## [Entries provided]

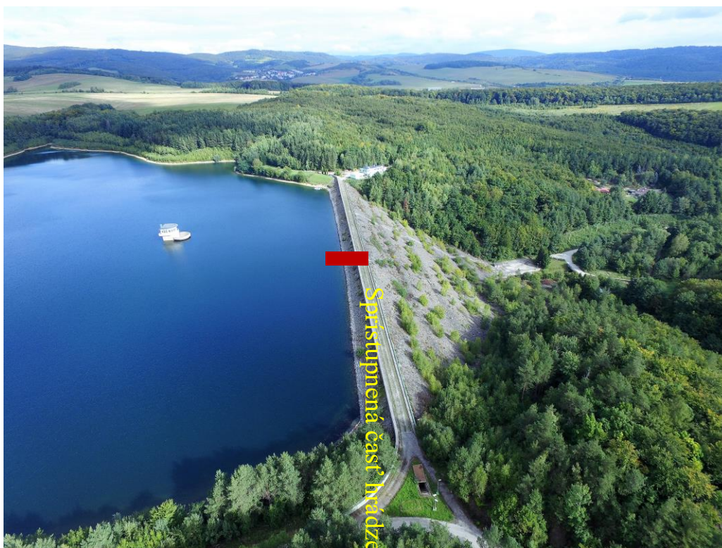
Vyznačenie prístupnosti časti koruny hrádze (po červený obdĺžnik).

--

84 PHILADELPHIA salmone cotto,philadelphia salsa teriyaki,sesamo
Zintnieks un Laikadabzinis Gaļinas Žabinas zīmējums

--

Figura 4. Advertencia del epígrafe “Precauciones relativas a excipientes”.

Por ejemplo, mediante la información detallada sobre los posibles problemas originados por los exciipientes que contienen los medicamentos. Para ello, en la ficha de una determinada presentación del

## [What is being asked]
Out of the entries above, write out only the lines between the line holding "Figura 4. Advertencia" and the line holding "Por ejemplo, mediante", inclusive, each exactly as given.

## [Solution to the exercise]
Figura 4. Advertencia del epígrafe “Precauciones relativas a excipientes”.

Por ejemplo, mediante la información detallada sobre los posibles problemas originados por los exciipientes que contienen los medicamentos. Para ello, en la ficha de una determinada presentación del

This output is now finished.